• Supplied material:

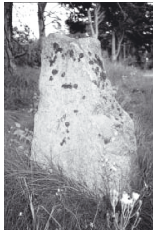
Stenen vid korsningen Bergs väg och Solidenvägen.

Året därpå satta byarna upp var sin gränssten längs det som numera motsvarar Bergs väg. Två står kvar, en sten hamnade på Falsterbo museum under 1960-talet och den fjärde – den jag letat efter – finner man ned-
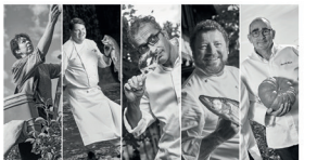
Un événement social à Genève.

Basle est une ville célèbre pour ses horloges. C'est une ville qui a une longue tradition horlogère. Basle est une ville célèbre pour ses horloges. C'est une ville qui a une longue tradition horlogère.
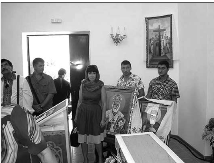
Перед початком літургії.
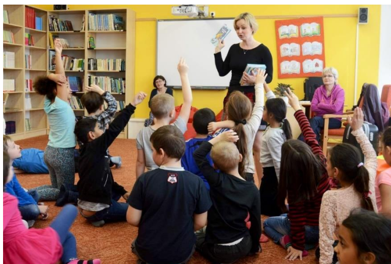
Ilustrační fotografie: ZŠ a MŠ Hranice Struhlovsko

• Required action:
A verbatim copy of all the records, minus the pictures, is the expected answer.

• Response to the exercise:
Stenen vid korsningen Bergs väg och Solidenvägen.

Året därpå satta byarna upp var sin gränssten längs det som numera motsvarar Bergs väg. Två står kvar, en sten hamnade på Falsterbo museum under 1960-talet och den fjärde – den jag letat efter – finner man ned-
Un événement social à Genève.

Basle est une ville célèbre pour ses horloges. C'est une ville qui a une longue tradition horlogère. Basle est une ville célèbre pour ses horloges. C'est une ville qui a une longue tradition horlogère.
Перед початком літургії.
Ilustrační fotografie: ZŠ a MŠ Hranice Struhlovsko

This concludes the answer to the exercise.